Kedua, Thomas Trikasih Lembong atau akrab disapa Tom Lembong, mantan Menteri Perdagangan, yang divonis dalam kasus korupsi impor gula. Berbeda dengan Hasto, Tom Lembong mendapatkan abolisi, yaitu penghapusan proses hukum sebelum menjalani pidana. Keputusan ini dikeluarkan Presiden Prabowo pada tahun 2025 dan menjadi salah satu keputusan abolisi pertama di periode pemerintahannya.
Jejak sejarah pemberian amnesti dan abolisi di Indonesia menunjukkan bahwa kebijakan ini seringkali tidak semata - mata berdimensi hukum, melainkan juga politik, kemanusiaan, dan pertimbangan strategis negara. Dalam beberapa kasus, pengampunan menjadi alat untuk meredakan konflik, memperbaiki kesalahan sistem hukum, atau bahkan sebagai simbol kompromi politik.
Namun di sisi lain, kebijakan semacam ini juga menuai kritik karena berpotensi menjadi alat transaksional kekuasaan. Dalam konteks modern, transparansi, akuntabilitas, dan partisipasi publik dalam proses pemberian amnesti dan abolisi harus terus diperkuat.
Sepanjang reformasi, setidaknya delapan nama besar pernah memperoleh amnesti dan abolisi.

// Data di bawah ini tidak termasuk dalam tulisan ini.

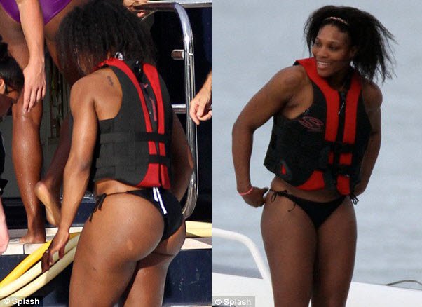 Christmas day 30 year old tennis star Serena Williams hit Miami’s beach unleashing that beast sized donk of hers that swallowed up her skimpy bikini making it look like a g-string. Serena with out make up does nothing for me but when she is wearing a bikini exposing her body like this it would keep me focused on the bigger picture. The fact that Drake and Common are really beefing over Serena got me thinking she might be working with something to fight over.Thoughts?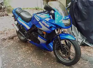 The Kawasaki Ninja 500R (which was originally named, and is still referred to as the EX500 and is known as the GPZ500S in some markets) is a sport bike with a 498 cc (30.4 cu in) parallel-twin engine, part of the Ninja series of motorcycles manufactured by Kawasaki from 1987 to 2009, with a partial redesign in 1994. Although the motorcycle has a sporty appearance, it offers a more standard, upright riding position with greater comfort and versatility. It provides a combination of performance and low operating costs, which has made it a favorite as a first motorcycle with new riders and popular with experienced riders on a budget. 2009 was the last model year for the Ninja 500.[2]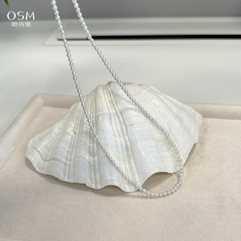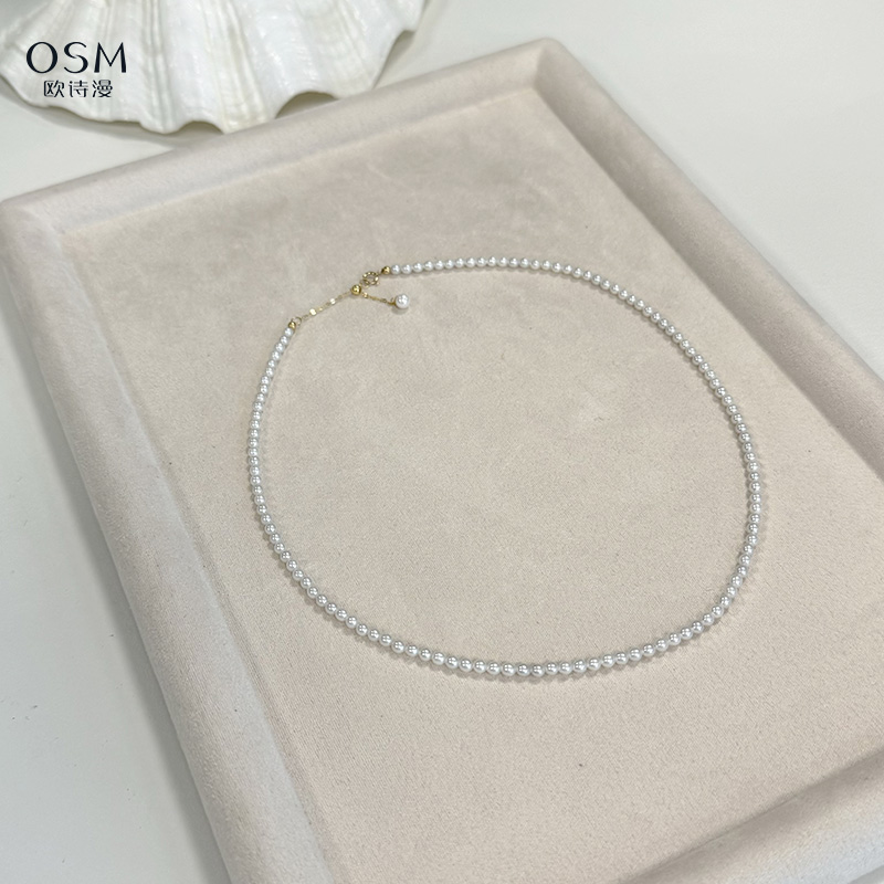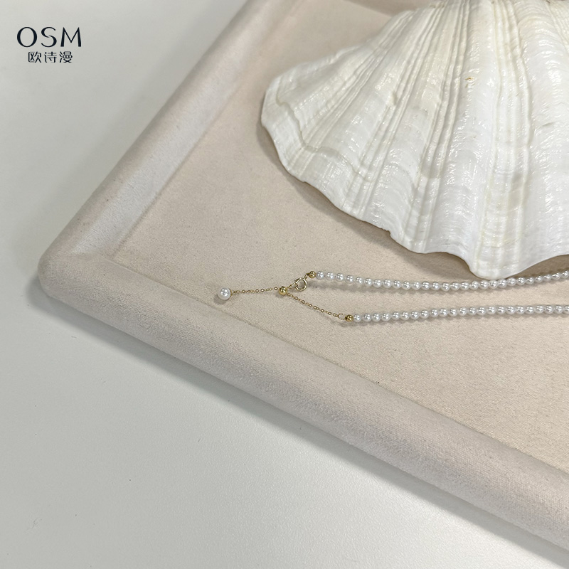 欧诗漫baby链 小米珠3-3.5mm 近正圆微微瑕 18K金尾链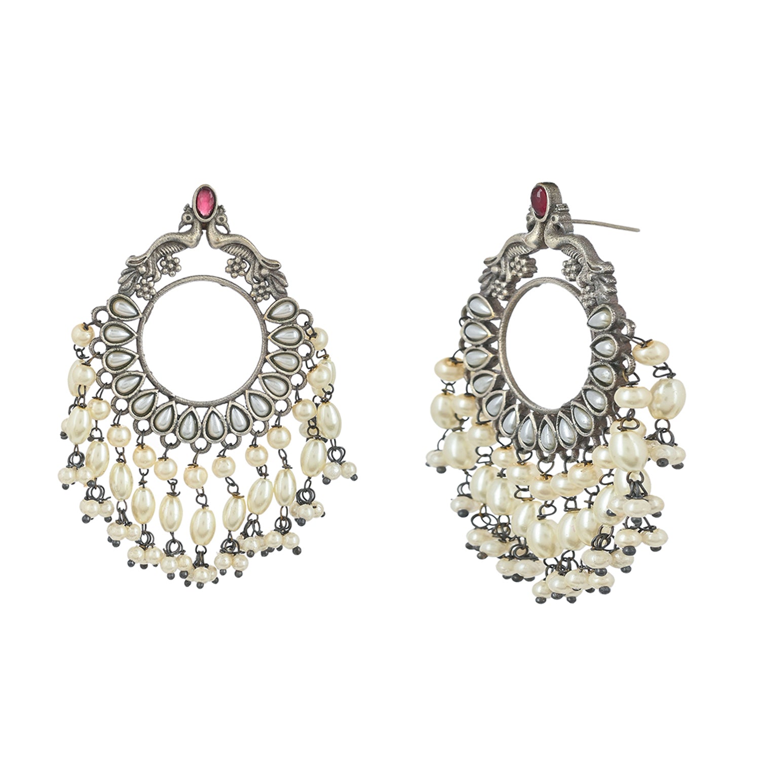 Ethnic antique style earrings, made from brass and featuring delicate peacock motifs. Embellished with white faux pearls and oxidised silver plated, the earrings are a good match for ethnic looks of all kinds.

Narasinya beragam: ada yang korban hukum represif, ada pula yang elit politik.
Amnesti dan abolisi memang sah secara konstitusional. Pasal 14 UUD 1945 memberi Presiden hak prerogatif. Namun ketika kebijakan ini menyentuh wilayah abu abu antara keadilan dan kekuasaan pertanyaan publik tak bisa dihindari: siapa yang sebenarnya dilindungi oleh pengampunan negara?
Dalam catatan sejarah, setiap presiden meninggalkan warisan pengampunan. Habibie membebaskan aktivis, Gus Dur berdamai dengan oposisi, Jokowi merangkul korban sistem, dan Prabowo kini mulai mencatat babak sendiri. Pertanyaannya, akan ke mana arah berikutnya?